CREATE TABLE IF NOT EXISTS public.tickers (  ticker     varchar(20),
                                      timestamp         timestamp,
                                      open              double precision,
                                      close             double precision,
                                      volume_weighted_average_price double precision,
                                      volume            double precision,
                                      transactions      double precision,
                                      date              date
)"""


# Create the table
pg_conn = psycopg2.connect(conn_string, database="arapbi")
cur = pg_conn.cursor()
cur.execute(table_create_sql)
pg_conn.commit()
cur.close()
pg_conn.close()

# attempt to upload one file to the table
sql_copy = write_sql(object_list[-1].key)
pg_conn = psycopg2.connect(conn_string, database="arapbi")
cur = pg_conn.cursor()
cur.execute()
pg_conn.commit()
cur.close()
pg_conn.close()

sql_copy , in this case, is

        COPY tickers
        FROM 'polygon/tickers/dt=2023-04-24/2023-04-24.csv'
        DELIMITER ',' CSV;

When I run the part that's supposed to COPY a file into Postgres, I get the following error:

FeatureNotSupported: COPY from a file is not supported
HINT:  Anyone can COPY to stdout or from stdin. psql's \copy command also works for anyone.

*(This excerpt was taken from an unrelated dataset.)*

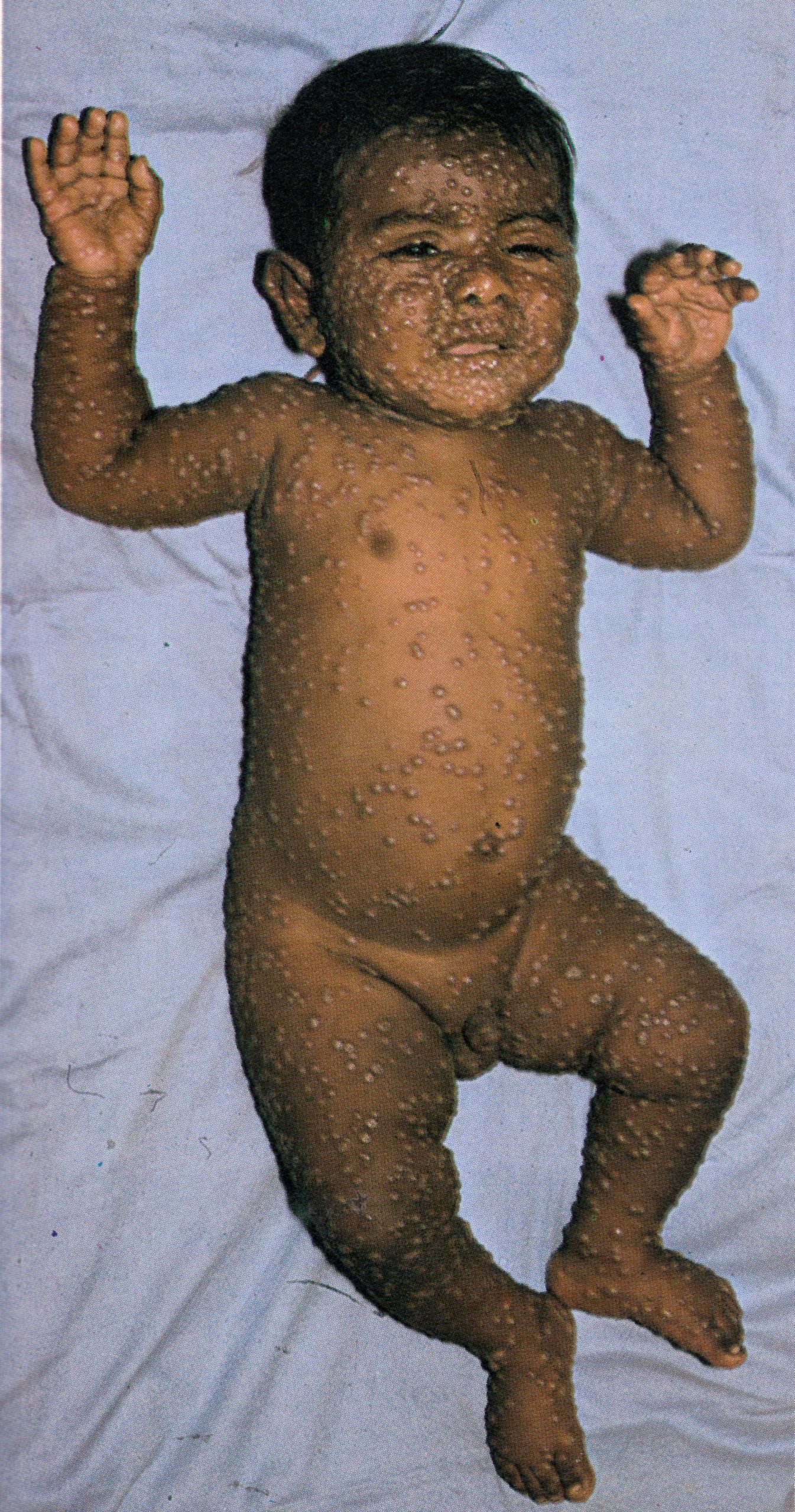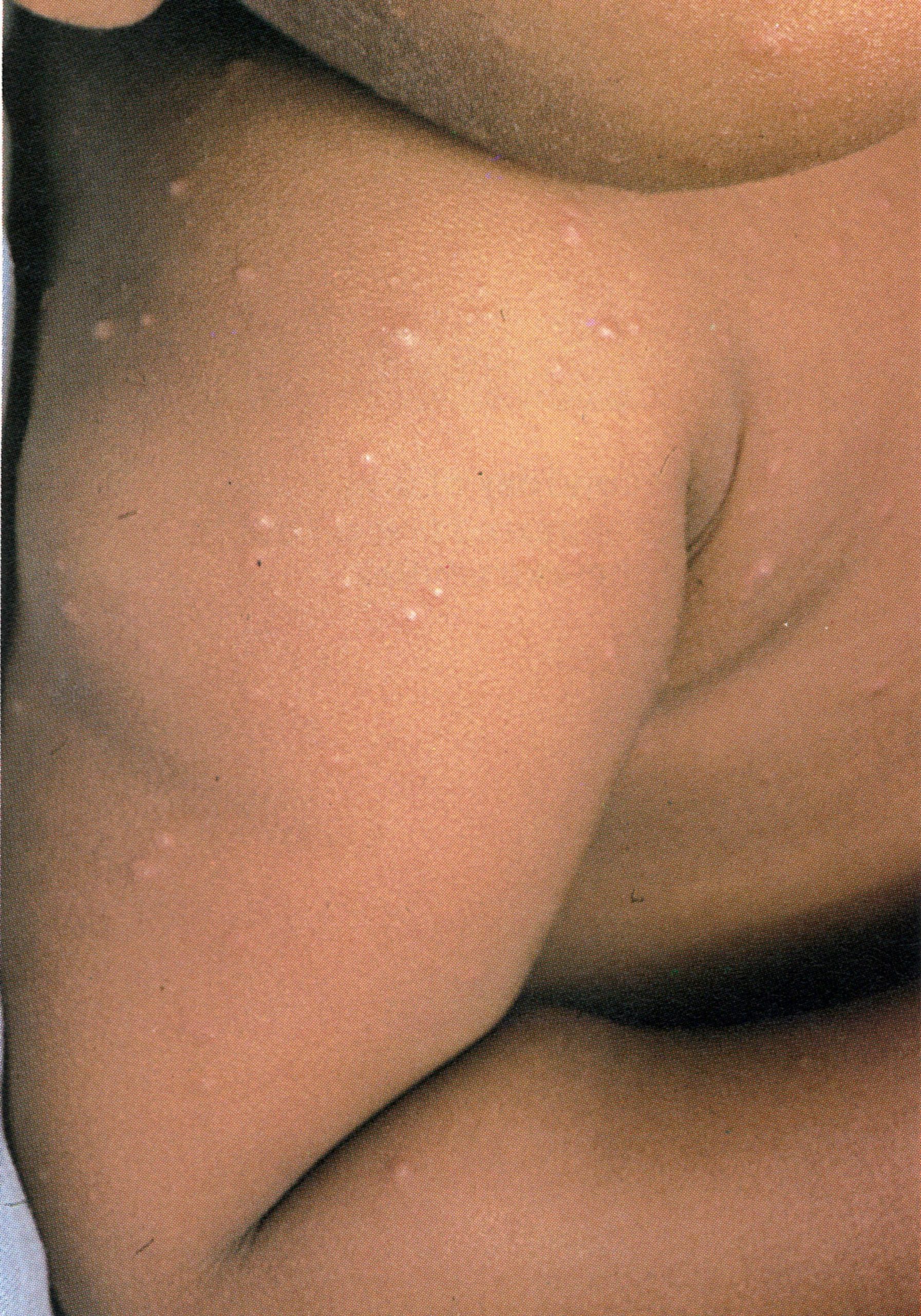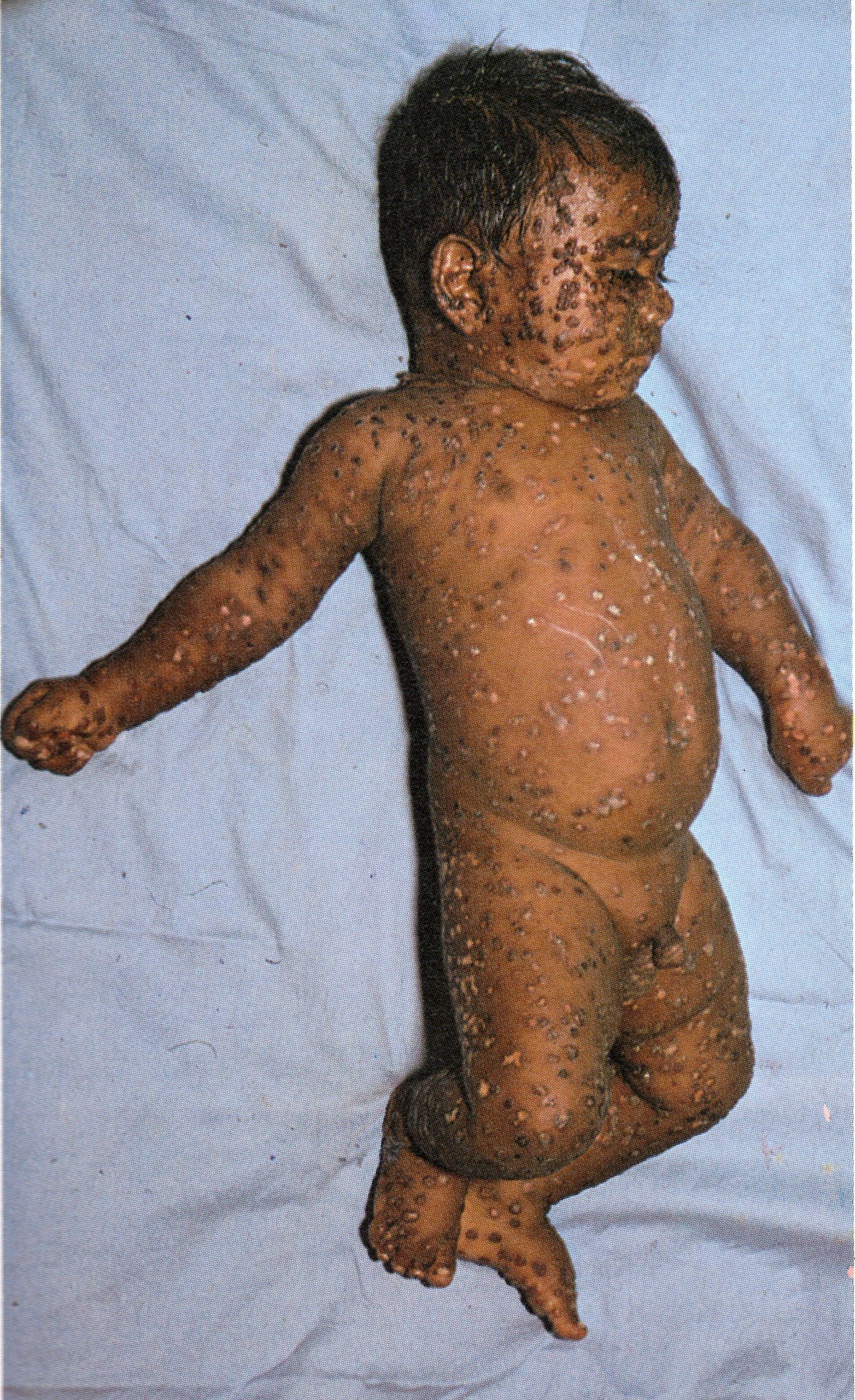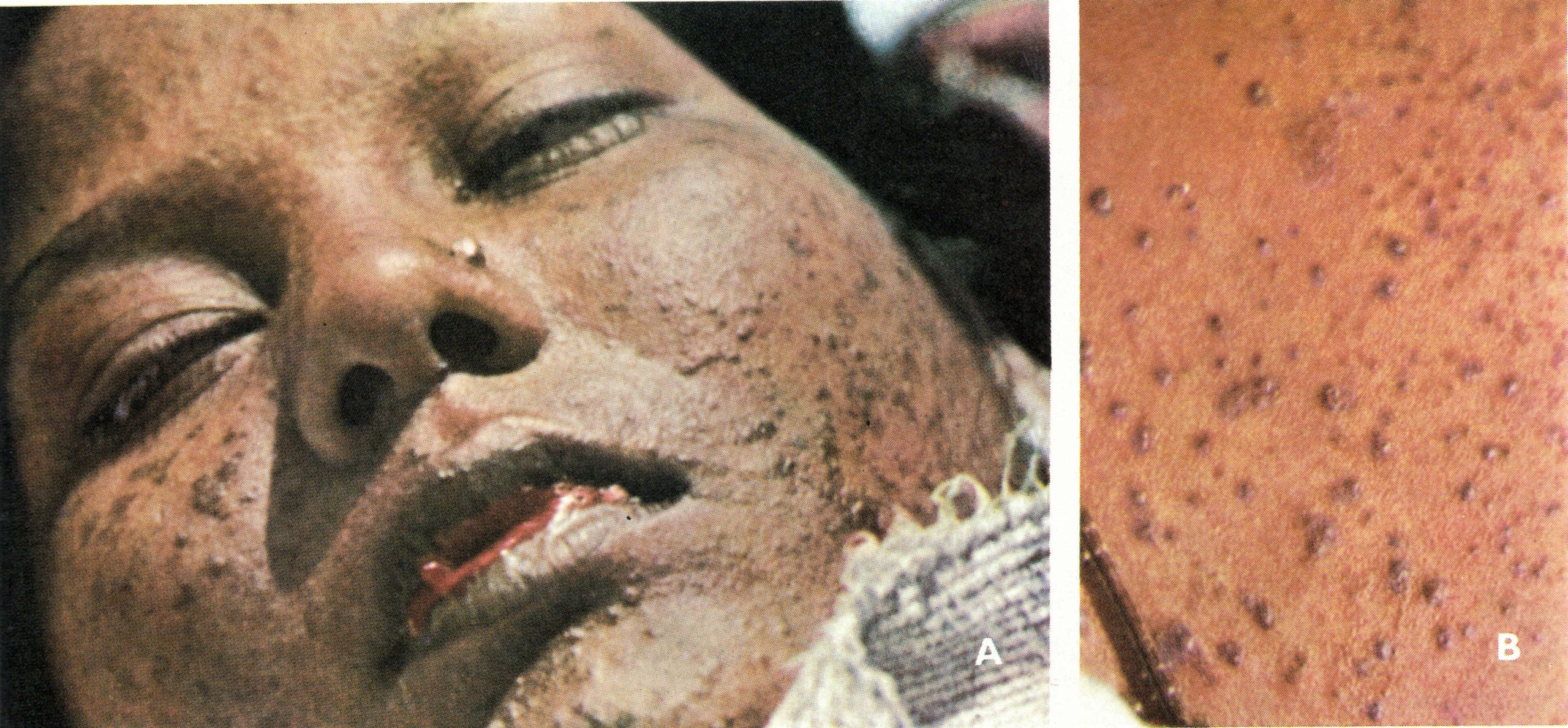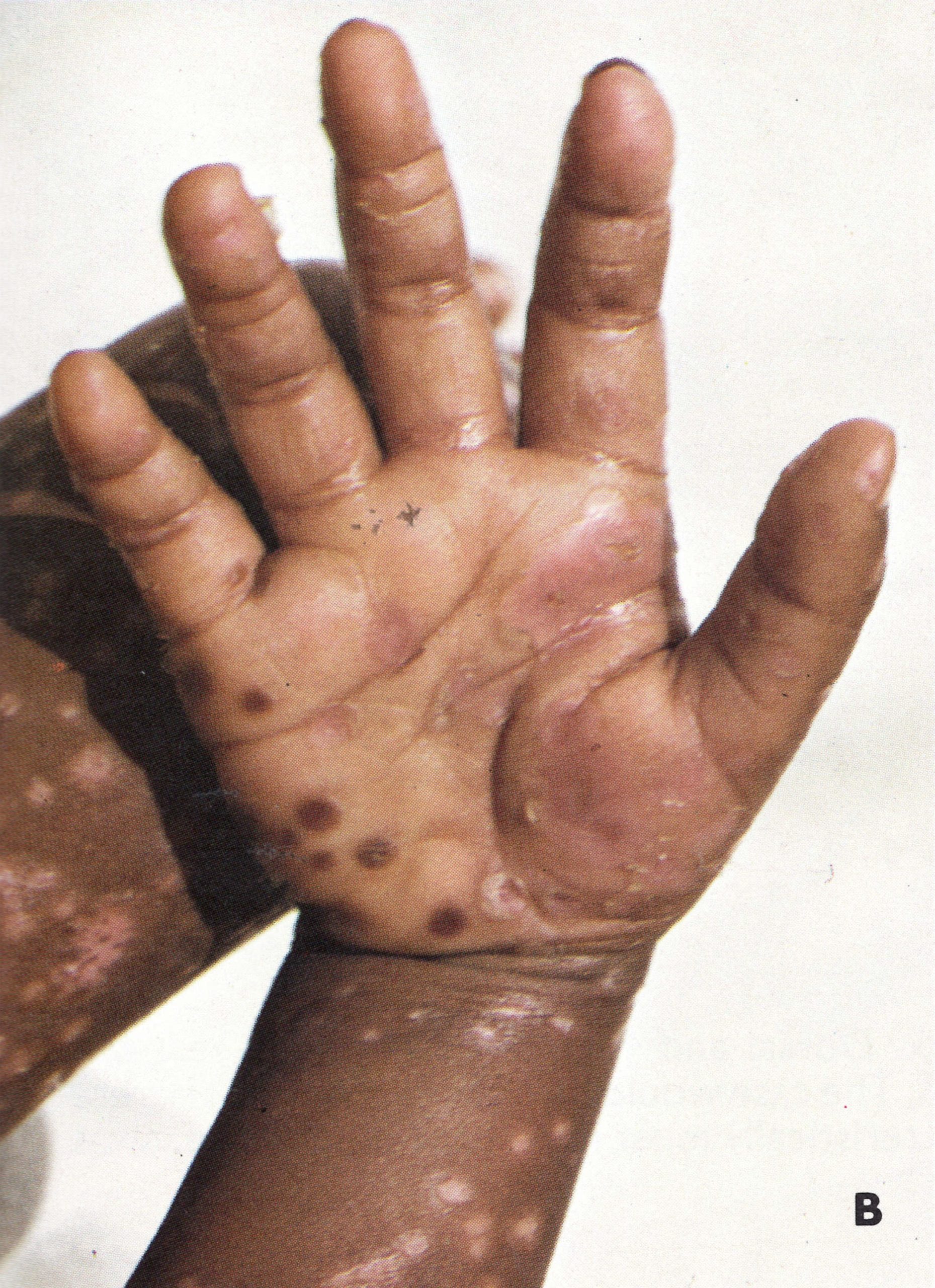 Earlier writers, e.g., Councilman (1907) and Ricketts (1908), paid considerable attention to syphilitic rashes as presenting a problem in differential diagnosis. With the advent of penicillin and the consequent reduction in the incidence of syphilis especially of secondary syphilis-in the developed countries, the disease has ceased even to be mentioned by writers, such as Christie (1980), dealing with the general domain of infectious diseases. However, in African countries and India secondary syphilis remained a disease to be considered in the differential diagnosis of smallpox, up to the time of eradication. The roseolar and papular syphilitic rashes (Plate 1.29B) varied in size and distribution and felt different from those of smallpox. The individual lesions were sometimes hard, but they could not be rolled between the thumb and forefinger, to give the “shotty” feel characteristic of the smallpox vesicle. Neither could they be “split” by passing a needle horizontally through the lesion, as could the vesicles of smallpox. The distribution was also different; if there were a profuse rash on the face, there would also be an equally dense rash on the chest and abdomen and the toxaemia would have been too slight for a case of smallpox with such a rash. Finally, the diagnosis would be clinched by the fact that the papules of syphilis did not evolve further, to vesicles and pustules, like those of smallpox.

The only other example of this I could find online was FeatureNotSupported: COPY from a file is not supported, which didn't get resolved.

I'm still working on this and will update with an answer if I get there first. I'm curious if anyone else has a workload like mine (the need to copy csvs from S3 into RDS Postgres) and how they resolved it.

POSTSCRIPT

Huge thanks to both Adrian Klaver and Thorn for pointing me in the right direction. Just for the sake of completeness, I've added my new updated solution below:

conn_string = f"postgresql://{user}:{password}@arapbi20240406153310133100000001.c368i8aq0xtu.us-west-2.rds.amazonaws.com:5432/arapbi"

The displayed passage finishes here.